Pascoe’s Dark Emu has been a print publishing and digital-media success, it has been rendered into dance performance by the famed Bangarra Dance Theatre, two children’s versions have been published, and it has begun to be incorporated into school curricula.49 It has many admirers—or perhaps one should say converts, given it is written in the style of dramatic revelation. It has been awarded two New South Wales Premier’s Literary Awards (Book of the Year and the Indigenous Writers’ Prize, 2016) and was shortlisted for the History Book Award in the Queensland Literary Awards (2014) and the Victorian Premier’s Award for Indigenous Writing (2014). Its offspring, Young Dark Emu, has won the Eve Pownall Children’s Book of the Year Award for Information Books (Children’s Book Council of Australia, 2020).
Noel Peemuggina and his student Peter Sutton, Ti Tree Outstation, Cape York Peninsula, 1977.
Pascoe’s book purports to be factual. It offers support for propositions in footnotes that lead to an extensive list of published and archival sources, and has an index.50 However, it is littered with unsourced material. It is poorly researched. It distorts and exaggerates many old sources. It selects evidence to suit the author’s opinions, and it ignores large bodies of information that do not support the author’s opinions. It contains a large number of factual errors, a range of which we analyse here. Others we could not include for want of space.

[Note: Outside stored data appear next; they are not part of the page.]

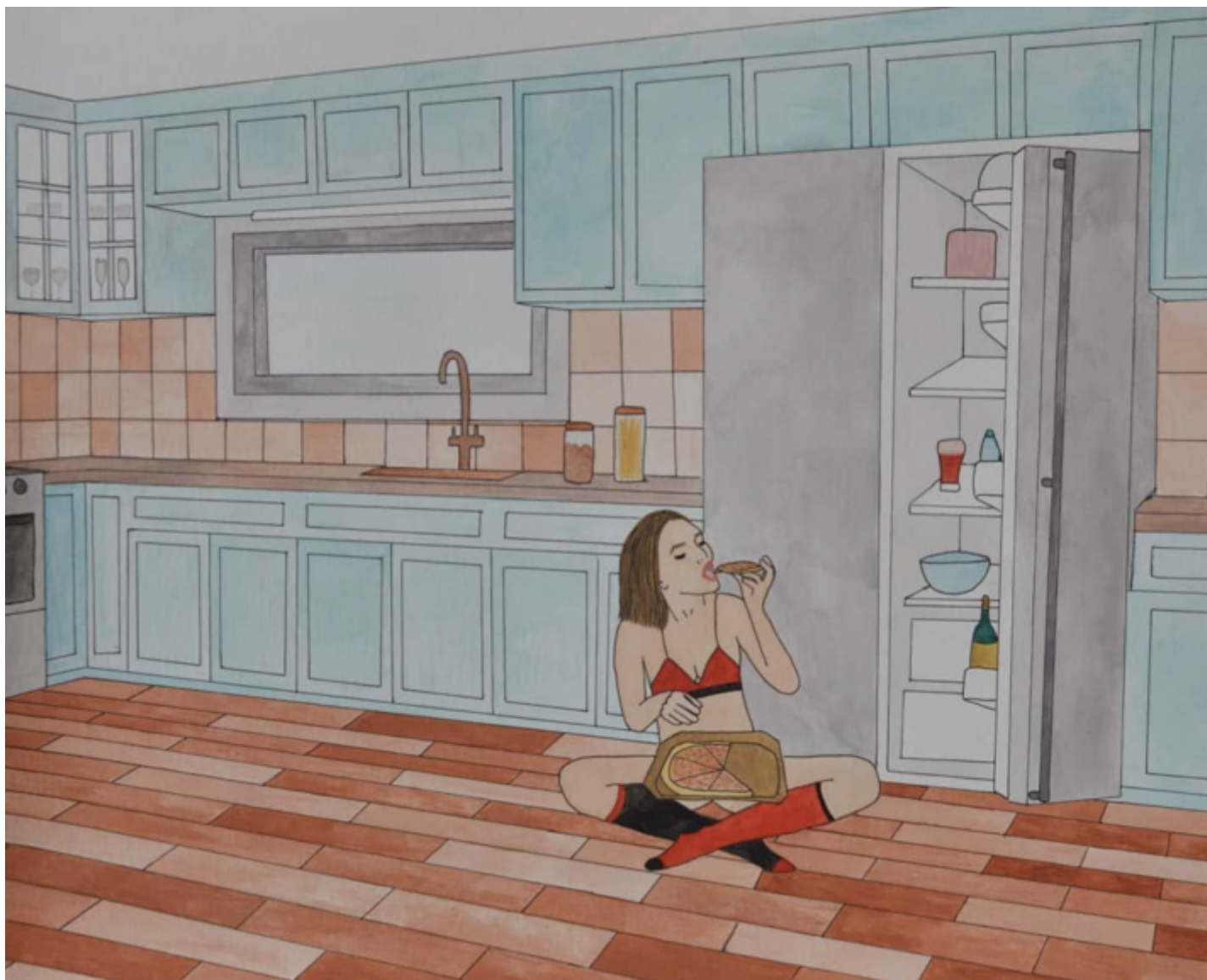
Illustrazione di Flupieland.
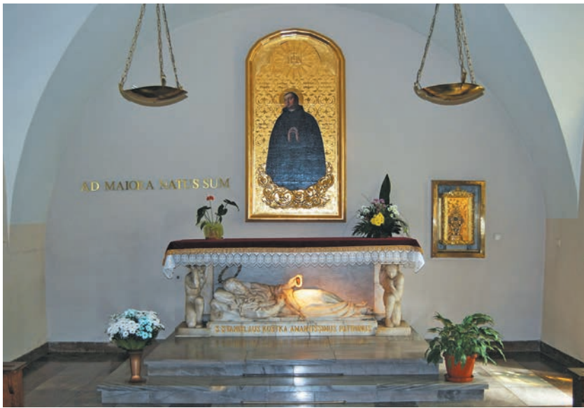
Kaplica św. Stanisława Kostki
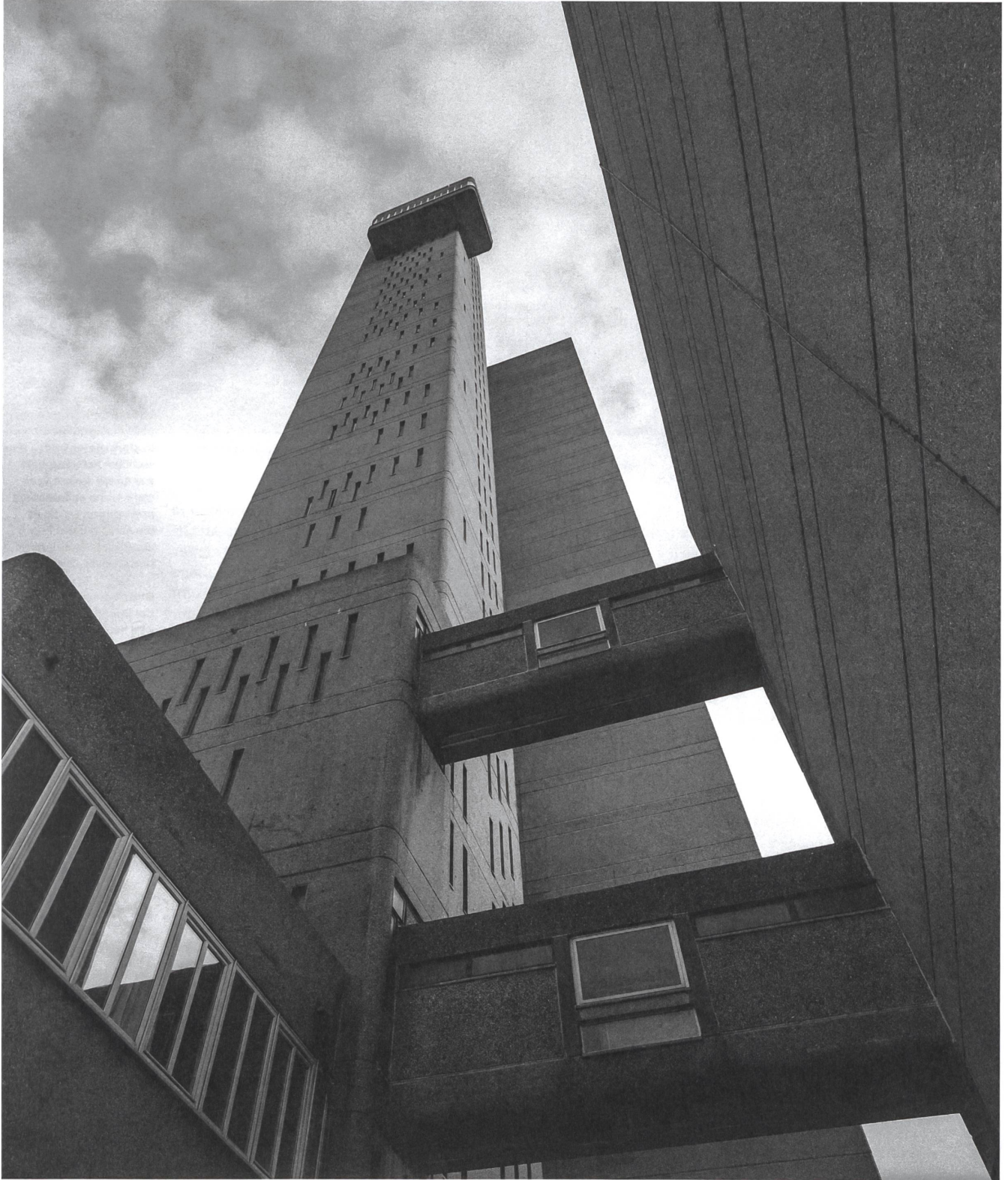
Motiv für Kaffeebecher, T-Shirts und Kissen: Trellick Tower, London, 1969–1972, Ernő Goldfinger.
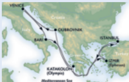
Unsere Route im östlichen Mittelmeer
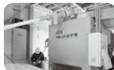
木質ペレットボイラー
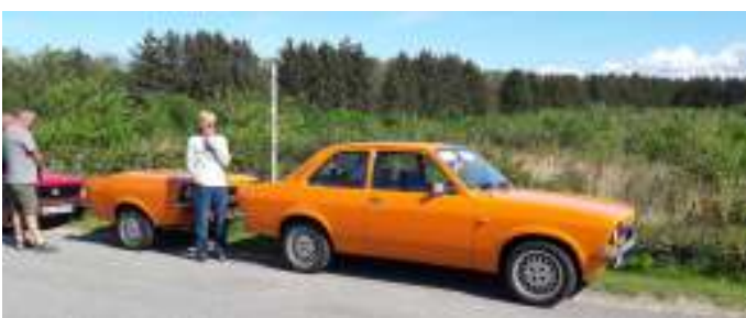
1½ kadet ☺

Hver bil skulle komme med en kage. Det plejer at være vældig hyggeligt, og i år var der fint solskin og rigtig mange mennesker. Der var ca. 65 - 70 biler, og nogle motorcykler. Alle kagerne blev spist, og kl. 15:50 var der kun 5 stykker kage tilbage. Der var omkring 200 mennesker til træffet, så det var vældig flot.
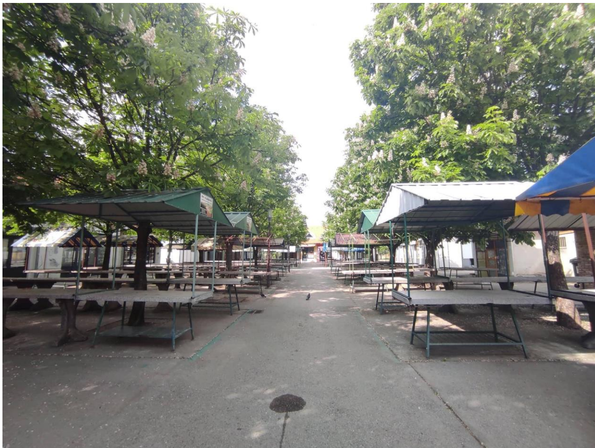
Slika 6. Otvoreni dio novogradiške tržnice s betonskim klupama i redovima drveća. Fotografija s terenskog istraživanja provedenog 09. svibnja 2022.

Nova Gradiška , još jedna ribarnica, kafić i OPG koji se bavi prodajom peradi. U natkrivenom dijelu nalazi se još betonskih klupa te je većina tih klupa rezervirano za prodavače i prodavačice mliječnih proizvoda budući da se nedavno koriste hladnjaci u prodaji istih proizvoda.
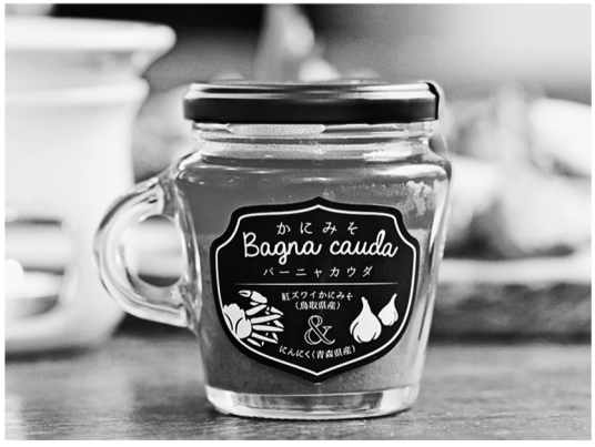
新商品「かにみそバーニャカウダ」好評発売中！！
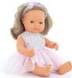
MUÑECA EUROPEA RUBIA CON ROPA REF 1-33208
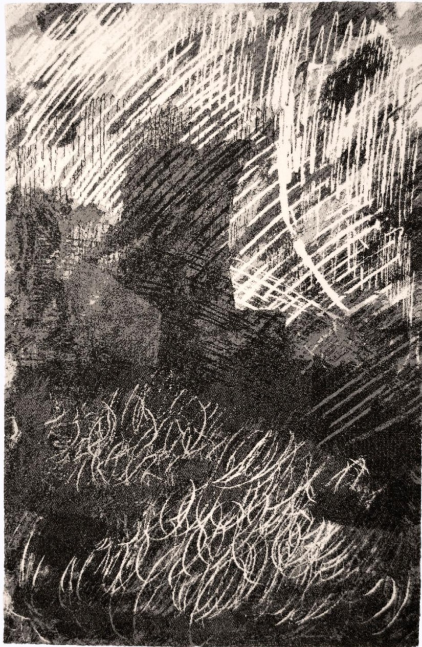
Przeźnięć II, 200x300cm, Aksminster
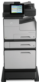
HP Officejet Enterprise Color Flow X585z MFP mit optionalem Papierfach und Druckerlade/Unterstand
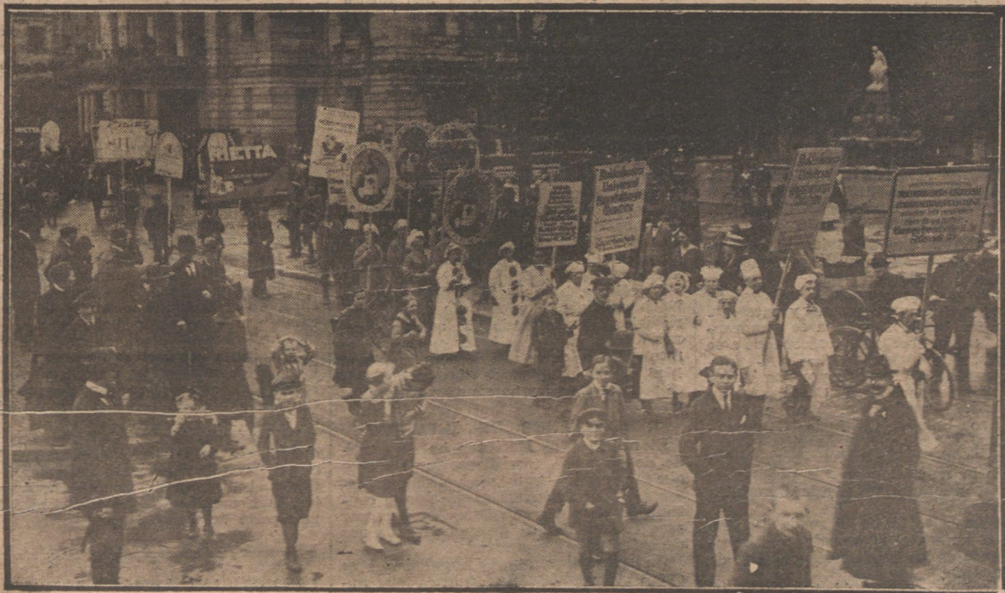
LA FERIA DE FRANKFORT.—Un detalle de la famosa cabalgata industrial.
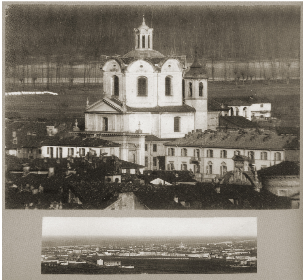
Fig. 05. La figura è composta da due fotografie di Francesco Negri scattate dalla collina di Sant'Anna a Casale Monferato. Le immagini contrappongono una veduta panoramica (in basso) ad una ripresa effettuata dallo stesso punto con il teleobiettivo Negri-Koristka (in alto).

di architettura tale scelta comporta per esempio l'isolamento oppure la contestualizzazione, la veduta assiale o di scorcio, ecc. Il fotografo di un'architettura può scegliere di isolarla completamente dall'intorno, di mantenere elementi ridotti di contesto o di allargare l'inquadratura includendone ampie porzioni. Se all'interno dell'immagine ritroviamo una divisione in finestre che funzionano anche in modo indipendente, la composizione risulta rafforzata: abbiamo un'inquadratura più semplice dentro un'inquadratura più complessa.
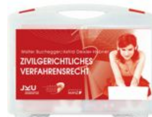
Medienkoffer Zivilgerichtliches Verfahrensrecht Ladenpreis: 280,50 EUR
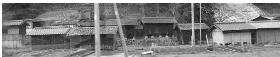
写真 24 高床式倉庫

バスはさらに南下して万関橋を渡った（写真 25）。日本海軍が明治 33 年、艦船の通り道として人工的に掘削した瀬戸にかかる橋で、これによって対馬は南北二つに、上島・下島とに分断されている。
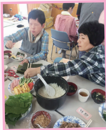
手巻き寿司の具材は どれにしようかな～?
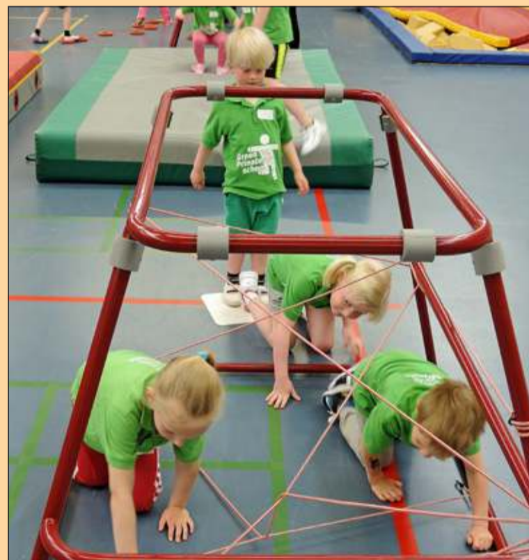
Voor de kleinsten was er een sportief traject uitgezet.
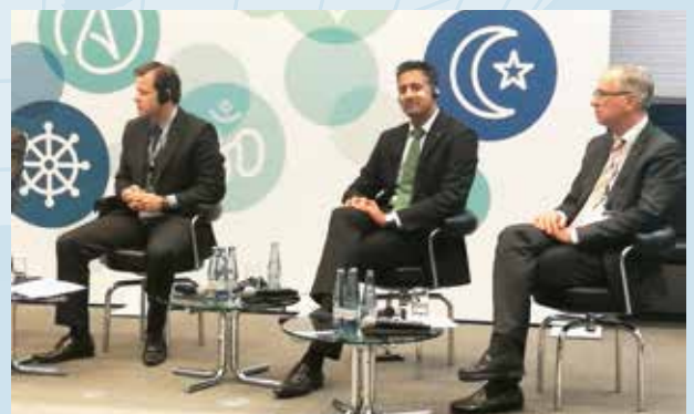
Abid Raja var blant deltakerne på IPP-konferansen i Berlin.
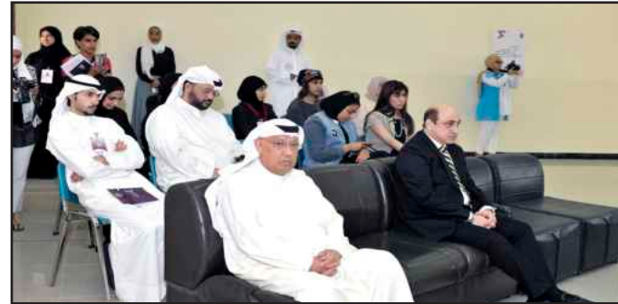
● جولة قبل النهائي
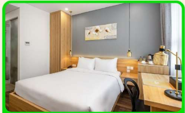
พักเมืองดานัง 4 ดาว 3 คืน
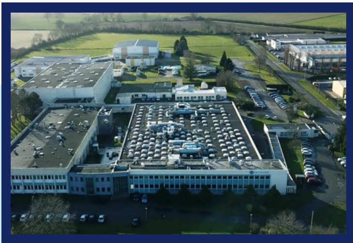
Une centaine d'entreprises ont choisi de s'installer au sein de la Zone Industrielle N°1 de L'Aigle

Secteurs clés : 1500 entreprises représentant près de 7 800 salariés spécialisées dans tous les domaines d'activités avec une dominante sur trois filières d'excellence, la métallurgie-mécanique, la filière du vivant et l'industrie chimique et plastique
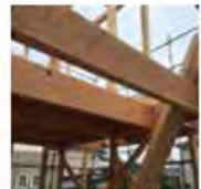
棟された梁にはしっかりエイジングの跡が(^^)
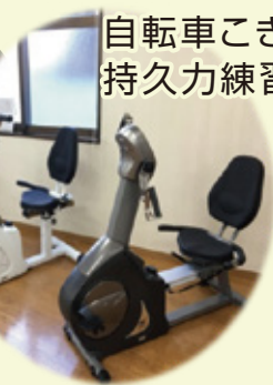
自転車こぎで 持久力練習
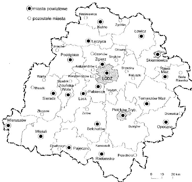
Rys. 5 Szadek w nowym województwie łódzkim
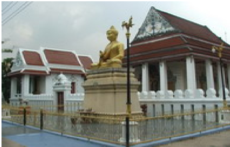
วัดไพชยนต์พลเสพย์ราชวรวิหาร
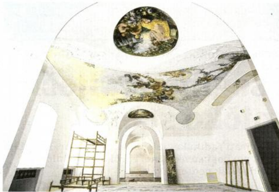
U nekadašnju upravnu zgradu tvornice šećera, tzv. Palaču šećera, preseliti će Muzej grada Rijeke
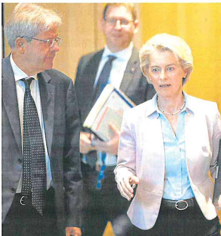
La presidenta de la Comisión Europea, Ursula von der Leyen.

Por ello, ha acordado una propuesta que amplía la protección a saldos temporalmente elevados en las cuentas bancarias vinculadas a acontecimientos concre-
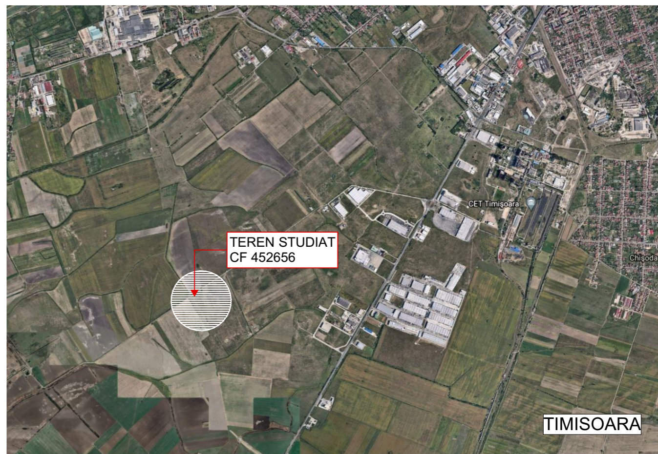
EXTRAS DIN HARTILE GOOGLE
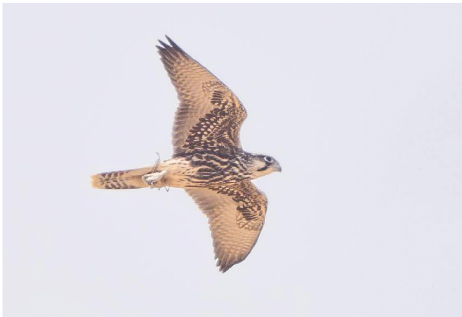
Figura 15. Halcón borní, julio de 2022.

Dark Emu is actually not, properly considered, a work of scholarship. Its success as a narrative has been achieved in spite of its failure as an account of fact.
All of this success would appear to indicate, within our society and public sphere, either a profound lack of factual knowledge in relation to the peoples and history written about in Dark Emu, or an unconcern with facts and truth themselves, or a combination of these things. Whichever the case, the situation is troubling.